V.Industry & Market Watch

SpaceX files for $55B Texas chip fab build, with $119B ceiling and Intel as design partner

SpaceX is planning to invest at least $55 billion in its Terafab AI chip plant in Texas, The Verge reported, citing details from a public hearing notice filed in Grimes County to request tax breaks. The company said the investment could rise to $119 billion if additional phases are constructed. Musk said the plant aims to produce enough chips to support up to 200 gigawatts per year of computing on Earth, and up to 1 terawatt in space. Intel announced last month that it will help design and build Terafab. The fab pairs with SpaceX's Memphis-based Colossus 1 data center, which Anthropic agreed Wednesday to use for its full compute capacity, as reported by WSJ in AIPD's May 7th edition.

Read at The Verge ↗

FT pegs Big Tech AI capex at $725B, sending Silicon Valley free cash flow to a decade low

Combined AI capital expenditure across Big Tech reached $725 billion, sending free cash flow at the largest Silicon Valley firms to a decade low, the Financial Times reported. The FT framed the shift as turning the cohort from asset-light cash machines into infrastructure investors. The figure quantifies the balance sheet cost of the AI buildout as financial regulators warn about systemic exposure. The FT analysis was published overnight ahead of Friday's market open.

Read at FT ↗

SoftBank cuts targeted size of OpenAI stake margin loan by 40% to $6B after creditor pushback

SoftBank Group reduced the targeted size of a margin loan backed by its OpenAI stake from $10 billion to $6 billion, Bloomberg reported, citing people familiar with the matter. The 40% reduction came after some creditors balked at backing the deal. The facility is structured as a margin loan against SoftBank's OpenAI position, making the AI company's private valuation the effective collateral. The cut leaves SoftBank with roughly $4 billion less in liquidity from the loan than its original $10 billion target.

Read at Bloomberg ↗

VI.Global & Geopolitics

EU Commission weighs restricting U.S. cloud platforms for sensitive government data, sources tell CNBC

The European Commission is considering restrictions on the use of U.S. cloud platforms for processing sensitive government data, CNBC reported, citing sources inside the Commission. The proposal reflects intensified European pressure to diversify the region's most critical workloads away from dominant U.S. providers.

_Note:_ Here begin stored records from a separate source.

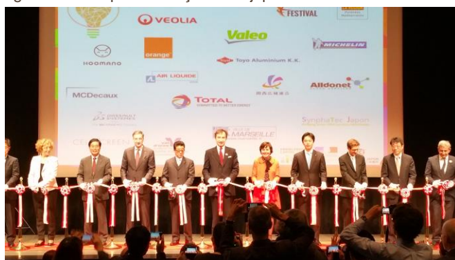
Photo 3 : Grand forum de l'Année de l'innovation franco-japonaise à Osaka, Japon – 6 & 7 décembre 2016

Le travail de collaboration s'est prolongé du 2 au 9 décembre 2017 à Tokyo et Osaka lors d'une mission bois construction France / Japon qui a réuni de nombreuses collectivités françaises accompagnées de délégations d'entreprises, de chercheurs, de clusters, de start-ups et des plus grandes entreprises françaises et japonaises.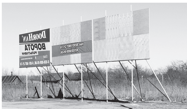
▲ На конструкции должны быть разрешающие документы

Также на сайте администрации размещены торги по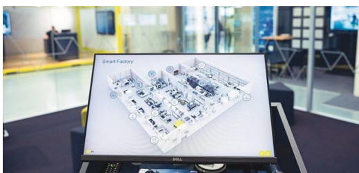
Les données machine, telles qu'elles sont collectées par TRUMPF dans son Usine du Futur, aident l'équipe de vision par ordinateur à entraîner l'IA.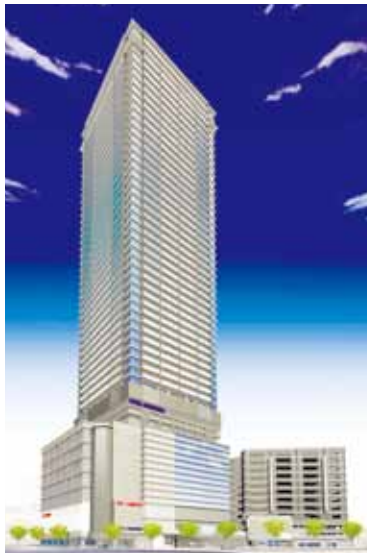
広島駅南口Bブロックに建設される再開発ビルの完成予想図

広島駅南口では、西からA、B、Cブロックに分かれて再開発が計画されてきた。Aは百貨店の福屋を核にした「エールエールA館」として1999年4月に開業。Bはビックカメラを核に今年4月に着工して完成は2016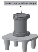
Защитная решётка вверх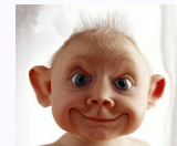
Obrázek 12: Anti2

Text odstavec. Text odstavec. Text odstavec. Text odstavec. Text odstavec. Text odstavec. Text odstavec. Text odstavec. Text odstavec. Text odstavec. Text odstavec. Text odstavec. Text odstavec. Text odstavec. Text odstavec. Text odstavec. Text odstavec. Text odstavec. Text odstavec. Text odstavec. Text odstavec. Text odstavec. Text odstavec. Text odstavec. Text odstavec. Text odstavec. Text odstavec. Text odstavec. Text odstavec. Text odstavec. Text odstavec. Text odstavec. Text odstavec. Text odstavec. Text odstavec. Text odstavec. Text odstavec. Text odstavec. Text odstavec. Text odstavec. Text odstavec. Text odstavec. Text odstavec. Text odstavec. Text odstavec. Text odstavec. Text odstavec. Text odstavec.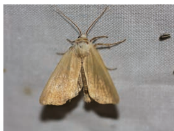
Noctuelle des roselières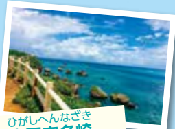
ひがしへんなざき 東平安名崎

3年連続で日本のベストビーチトップ10に選ばれた砂山ビーチ。ヤシガニや蝶などにも出会えますよ!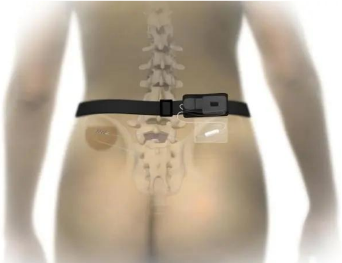
Uitwendige neuromodulator

Het aansluiten en activeren van de neuromodulator gebeurt 's middags op de afdeling of de volgende ochtend op de polikliniek door de arts of physician assistant. Het verlengkabeltje wordt aangesloten op de uitwendige neuromodulator, die u in een gordel onder de kleding draagt. De neuromodulator geeft stroompjes af en stimuleert de zenuw. De afstandsbediening voor de uitwendige neuromodulator werkt draadloos, hiermee kunt u zelf de sterkte van de prikkeling aanpassen. Naast de uitleg krijgt u tevens de nodige informatie en instructies mee.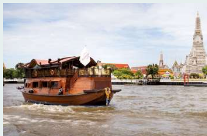
Manohra Dream, im Hintergrund Wat Arun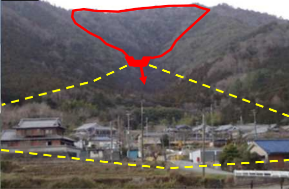
保全対象人家(谷出口より)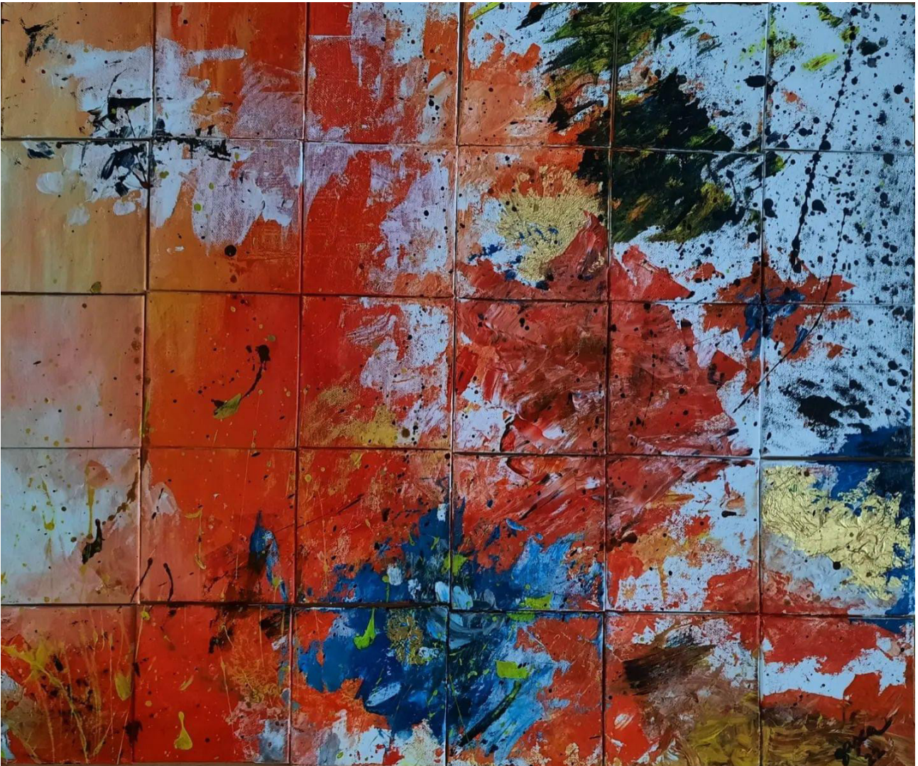
EXPLOZIE , Expoziția be**pArt în Italia la atelierul Montez 2022, tehnică mixtă, 50x50cm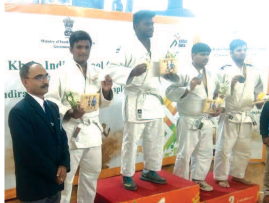
‘ખેલો ઈન્ડિયા’માં રાષ્ટ્રીય કક્ષાએ ૯૦ કિ.ગ્રા.માં સિલ્વર મેડલ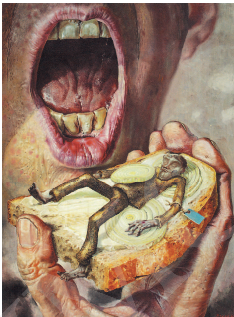
Ilustracja 2. B. W. Linke, Kanibalizm , 1950-1951, olej na płótnie, 100cm x 74cm.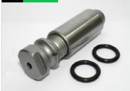
Pasador y buje roscado trasero (800)

Código 10460 | 0135036 0355147 | 5 | 0135036 0355147 135035+135036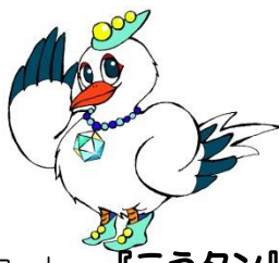
大会マスコット 『こうたん』

The cloud review lands amid wider transatlantic tension, with Trump setting a July 4 deadline on EU tariffs. AWS, Microsoft and Google cloud are the direct targets in the European market.

Read at CNBC ↗

Meta sues Ofcom in UK High Court over global revenue base for Online Safety Act fines

Meta filed a legal challenge in the UK High Court against media regulator Ofcom's methodology for calculating fees and fines under the Online Safety Act, claiming the charges should not be based on a company's global revenue, The Guardian reported. The Online Safety Act caps fines at 10% of qualifying worldwide revenue or £18 million ($23 million), whichever is higher; on Meta's reported $201 billion in 2025 revenue, the framework would expose the company to a potential $20 billion fine. Meta argues fines should be tied to revenue from the country where the regulated services are offered and is seeking judicial review. A hearing in Meta's case is scheduled for Oct. 13-14. Ofcom said its fees and fines regime is based on a "plain reading of the law" and that the regulator will defend its decisions.

Read at The Guardian ↗

French prosecutors escalate X investigation to formal criminal probe, summon Musk to France

Paris prosecutors opened a criminal investigation Wednesday into X.AI Holdings Corp, X Corp, xAI, Elon Musk and former X chief executive Linda Yaccarino, escalating a probe that had been preliminary since 2025, Le Monde reported. The investigation expanded last year to include suspected complicity in the distribution of child sexual abuse imagery and the creation of sexual deepfakes via Grok, X's chatbot. The Straits Times said investigators are now in charge after Musk failed to appear for an April 20 voluntary summons, with warrants possible if Musk and Yaccarino do not comply. Prosecutors had also discovered antisemitic and Holocaust-denying messages generated by Grok and broadened the case to include charges of denying crimes against humanity.